Assigned task
Reproduce, word for word, the lines in the material below starting with the one that has "Hier finden Sie" and going on through the one that has "Postavte si vlastní". Leave out all pictures.

○ ○ ○ ○

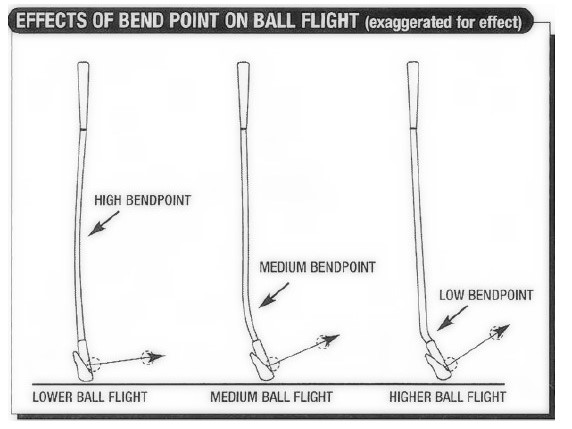 샤프트를 선택함에 있어 재질 외에 중요한 요소가 하나 더 있는데, 그것을 '킥포인트'라고 합니다. 우리의 눈에는 직접 보이지는 않지만 스윙을 할 때에 샤프트가 휘어지는데 임팩트 시에도 마찬가지 입니다. 휘어지는 이 부분을 '킥포인트'라고 말합니다.
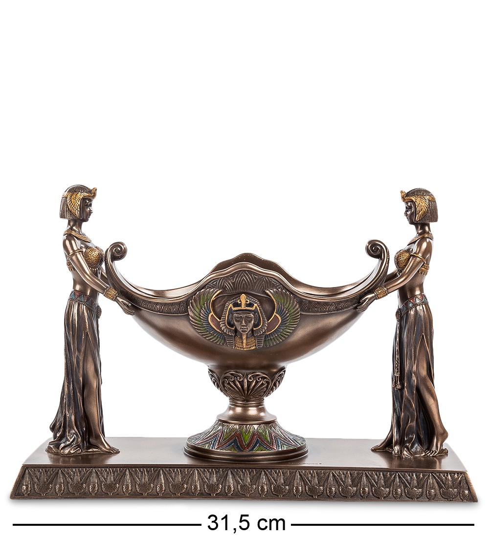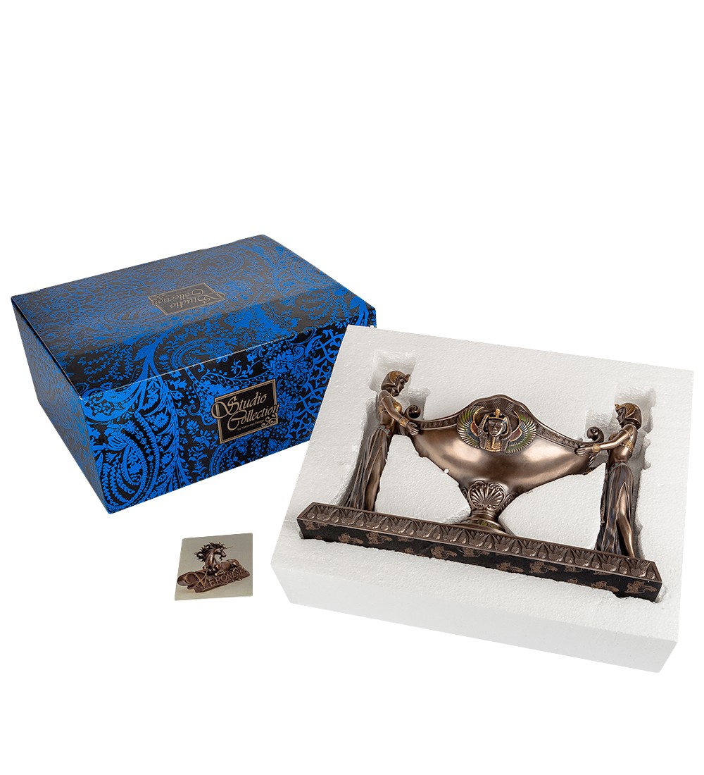 Стиль Арт Деко (Ар Деко, ар-деко, арт-деко) возник в начале двадцатого века. Представлял синтез модерна и неоклассицизма. Этот стиль отличает роскошь, дороговизна, шик, строгая закономерность, этнические геометрические узоры. В нем нашли отражение черты греко-римского классицизма, искусства древних государств - Вавилона, Древнего Египта, Ассирии, элементы культуры Ацтеков и Африканского дизайна. Ваза в стиле ар-деко «Египтянки» хорошо демонстрирует особенности стиля, который появился в начале XX-го века, снискал мировую известность и до сих пор сохраняет популярность в некоторых странах. Ваза выполнена в необычном, далеком от классики, стиле: у нее овальная форма, которая никак не подойдет для живых цветов, которые обычно ставят в эти декоративные сосуды. Ваза выполнена в виде купели для купания фараона: это подтверждает изображение верховного правителя Древнего Египта на стенке сосуда. По обе стороны от купели расположены стройные, молодые египтянки в одежде, популярной в период правления фараонов: на девушках длинные юбки, бюстгальтеры, вышитые золотыми нитками, и золотые головные уборы, выполненные в форме головы птицы и длинных крыльев. Ваза «Египтянки» - прекрасный подарок на юбилей. Ее также можно подарить деловому партнеру или чиновнику. Ваза будет прекрасно смотреться в богато обставленной комнате, на рояле, на каминной полке или на антикварном журнальном столике.
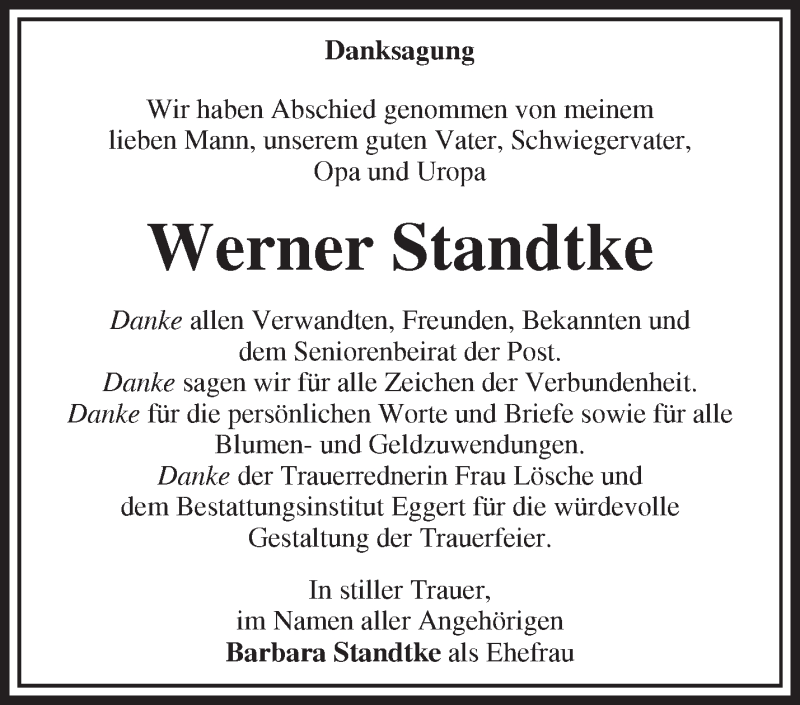 Hier finden Sie alle Traueranzeigen aus der Zeitung, die bisher für Werner Standtke erschienen sind. Weitere Traueranzeigen, die in der Zeitung erscheinen, werden hier ebenfalls aufgelistet
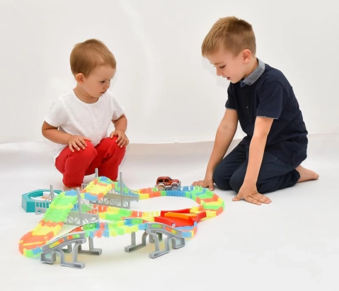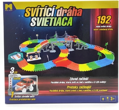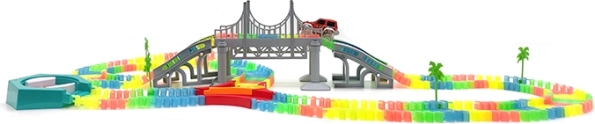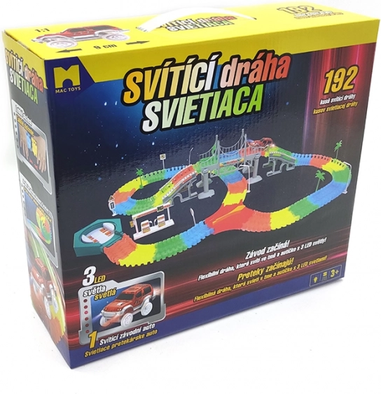 Postavte si vlastní závodní okruh z 192 barevných dílků a užijte si jízdu s LED autíčkem, které prosvítí každou zatáčku. Díly jsou flexibilní a snadno se zacvakávají, takže děti mohou rychle měnit tvar i délku tratě a experimentovat s mosty, zatáčkami i klesáním.
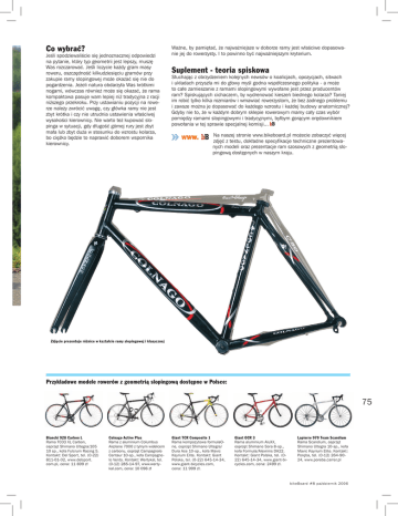 Co wybrać? Jeśli spodziewaliście się jednoznacznej odpowiedzi na pytanie, który typ geometrii jest lepszy, muszę Was rozczarować. Jeśli liczycie każdy gram masy roweru, oszczędność kilkudziesięciu gramów przy zakupie ramy slopingowej może okazać się nie do pogardzenia. Jeżeli natura obdarzyła Was krótkimi nogami, wówczas również może się okazać, że rama kompaktowa pasuje wam lepiej niż tradycyjna z racji niższego przekroku. Przy ustawianiu pozycji na rowerze należy zwrócić uwagę, czy główka ramy nie jest zbyt krótka i czy nie utrudnia ustawienia właściwej wysokości kierownicy. Nie warto też kupować slopinga w sytuacji, gdy długość górnej rury jest zbyt mała lub zbyt duża w stosunku do wzrostu kolarza, bo ciężko będzie to naprawić doborem wspornika kierownicy. Ważne, by pamiętać, że najważniejsze w doborze ramy jest właściwe dopasowanie jej do rowerzysty. I to powinno być najważniejszym kryterium. Suplement - teoria spiskowa Słuchając z obrzydzeniem kolejnych newsów o koalicjach, opozycjach, sitwach i układach przyszła mi do głowy myśl godna współczesnego polityka - a może to całe zamieszanie z ramami slopingowymi wywołane jest przez producentów ram? Spiskujących cichaczem, by wydrenować kieszeń biednego kolarza? Taniej im robić tylko kilka rozmiarów i wmawiać rowerzystom, że bez żadnego problemu i zawsze można je dopasować do każdego wzrostu i każdej budowy anatomicznej? Gdyby nie to, że w każdym dobrym sklepie rowerowym mamy cały czas wybór pomiędzy ramami slopingowymi i tradycyjnymi, byłbym gorącym orędownikiem powołania w tej sprawie specjalnej komisji... www. Na naszej stronie www.bikeboard.pl możecie zobaczyć więcej zdjęć z testu, dokładne specyfikacje techniczne prezentowanych modeli oraz prezentacje ram szosowych z geometrią slopingową dostępnych w naszym kraju. Zdjęcie prezentuje różnice w kształcie ramy slopingowej i klasycznej Przykładowe modele rowerów z geometrią slopingową dostępne w Polsce: 75 Bianchi 928 Carbon L Rama TC03 XL Carbon, osprzęt Shimano Ultegra/105 10 sp., koła Fulcrum Racing 5. Kontakt: Del Sport, tel. (0-22) 811-01-02, www.delsport. com.pl, cena: 11 699 zł Colnago Active Plus Rama z aluminium Columbus Airplane 7000 z tylnym widelcem z carbonu, osprzęt Campagnolo Centaur 10-sp., koła Campagnolo Vento. Kontakt: Wertykal, tel. (0-12) 285-14-97, www.wertykal.com, cena: 10 096 zł Giant TCR Composite 1 Rama kompozytowa formulaOne, osprzęt Shimano Ultegra/ Dura Ace 10-sp., koła Mavic Ksyrium Elite. Kontakt: Giant Polska, tel. (0-22) 645-14-34, www.giant-bicycles.com, cena: 11 999 zł. Giant OCR 3 Rama aluminium AluXX, osprzęt Shimano Sora 8-sp., koła Formula/Alexrims DA22. Kontakt: Giant Polska, tel. (022) 645-14-34, www.giant-bicycles.com, cena: 2499 zł. Lapierre 970 Team Scandium Rama Scandium, osprzęt Shimano Ultegra 10-sp., koła Mavic Ksyrium Elite. Kontakt: Poręba, tel. (0-12) 264-9024, www.poreba.carrer.pl bi k e Boa r d # 8 p a ź d z ie r n ik 2 0 0 6

○ ○ ○ ○

Task result
 Hier finden Sie alle Traueranzeigen aus der Zeitung, die bisher für Werner Standtke erschienen sind. Weitere Traueranzeigen, die in der Zeitung erscheinen, werden hier ebenfalls aufgelistet
 Postavte si vlastní závodní okruh z 192 barevných dílků a užijte si jízdu s LED autíčkem, které prosvítí každou zatáčku. Díly jsou flexibilní a snadno se zacvakávají, takže děti mohou rychle měnit tvar i délku tratě a experimentovat s mosty, zatáčkami i klesáním.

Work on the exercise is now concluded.